Mrs Donoghue was in a café with her friend, who bought her a ginger beer. She was ill after having drunk some of it because the bottle had a dead snail in it! However, she had not bought the bottle so she could not sue for breach of contract — she had no contract with the shop owner or the bottle manufacturer. Instead, she brought a case in negligence, a part of tort law, saying that the bottle manufacturer had a duty to make sure that the ginger beer was made in a clean place where snails could not get into the bottles.

This is where Lord Atkin set out the famous ‘neighbour principle’: I have a duty towards “persons who are so closely and directly affected by my act that I ought reasonably to have them in contemplation as being so affected when I am directing my mind to the acts or omissions that are called in question”. This sounds like you have to think about the possible impact of everything you do on anybody it could affect, but in reality there are many limits on negligence law – including that you have to breach that duty of care.

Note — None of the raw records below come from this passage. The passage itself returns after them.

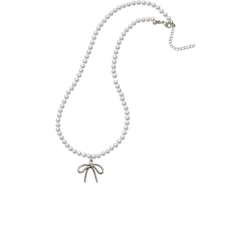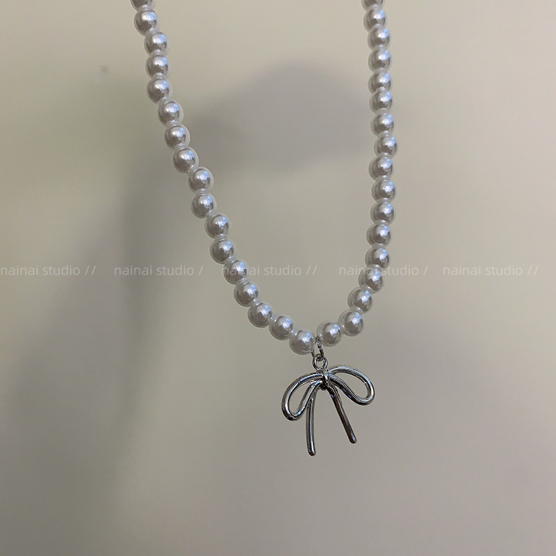 珍珠蝴蝶结项链~韩系小众高级感气质锁骨链轻奢2025新款爆款颈链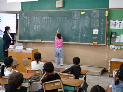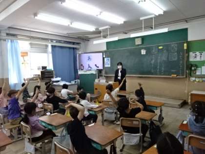 国語の学習の様子です。入学して早ひと月が過ぎました。手を挙げて発表することや、友だちの発表をしっかり聞くこと等、学習のルールもその都度確認しながら学習をしています。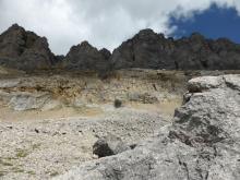 And, after a rather airy scramble up the headwall (with the thought that going up is easier than coming down causing a little trepidation!!), and crossing the waterfall stream, and up a talus slope... a bit of flattish ground for a lunch stop!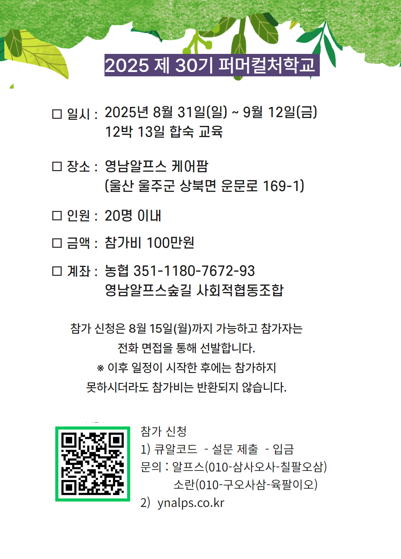 <30기 퍼머컬처학교 참가신청 방법>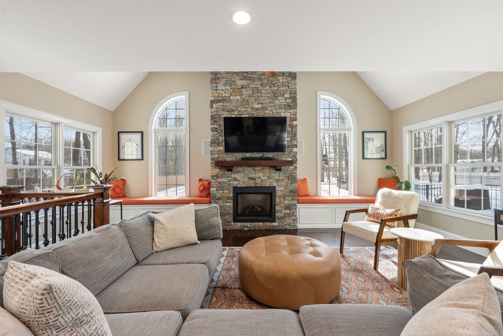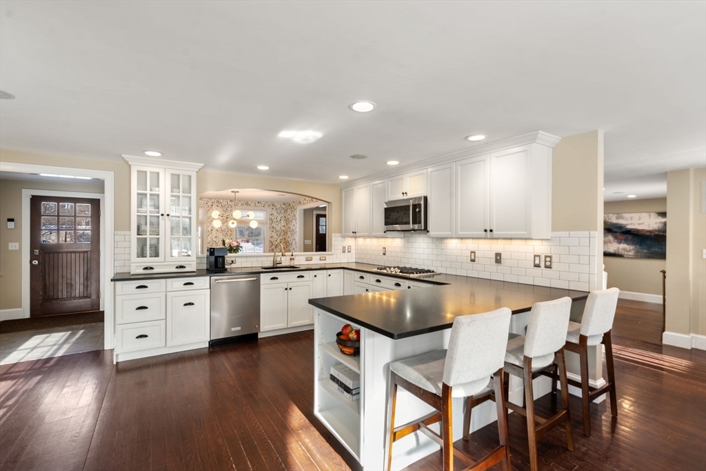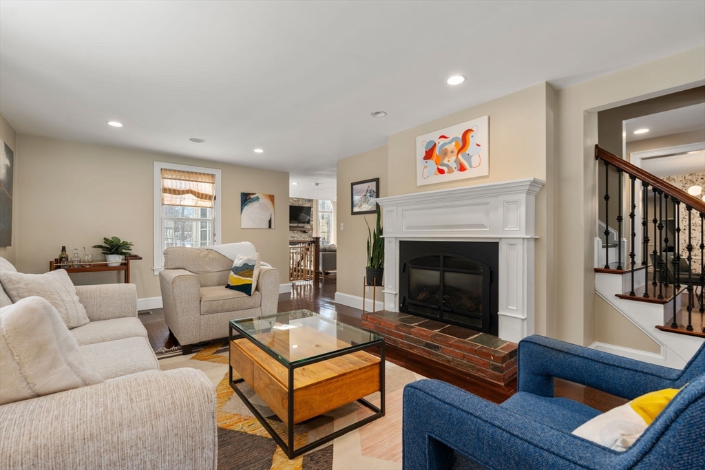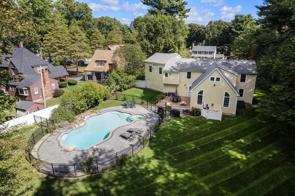 ABSOLUTE STAND-OUT! This beautifully updated expanded Cape offers the perfect blend of style, space, and lifestyle. The open-concept kitchen and family room feature cathedral ceilings, floor to ceiling stone gas fireplace. window seats overlooking the backyard, wet bar, and seamless access to a RESORT-STYLE setting with heated inground pool, deck, separate play area, and professionally landscaped grounds. The stunning primary suite showcases a beautifully renovated spa-inspired bath with soaking tub, radiant heated floors, and designer finishes. Three additional bedrooms include a unique loft-style bedroom perfect for a play space, study area, or private retreat. Thoughtful upgrades & designer touches throughout, including custom wallpaper & curated finishes elevating every space. Recent upgrades incl. renovated bathrooms, new kitchen appliances, upgraded pantry , pool heater, gutters, and enhanced landscaping. AMAZING Canton location close to Canton Center, commuter rail, Rte 95/128

In order to pursue a successful claim for personal injury compensation it is necessary to establish that somebody else was at fault. Fault will arise through negligence or the breach of a duty imposed in law, known as breach of statutory duty. In some circumstances the law imposes specific duties on parties, known as statutory duties.

A large amount of Health & Safety Legislation introduced absolute duties upon employers although these duties were effectively removed and replaced by the common law of negligence with regard to any accident which occurred on or after 1st October 2013.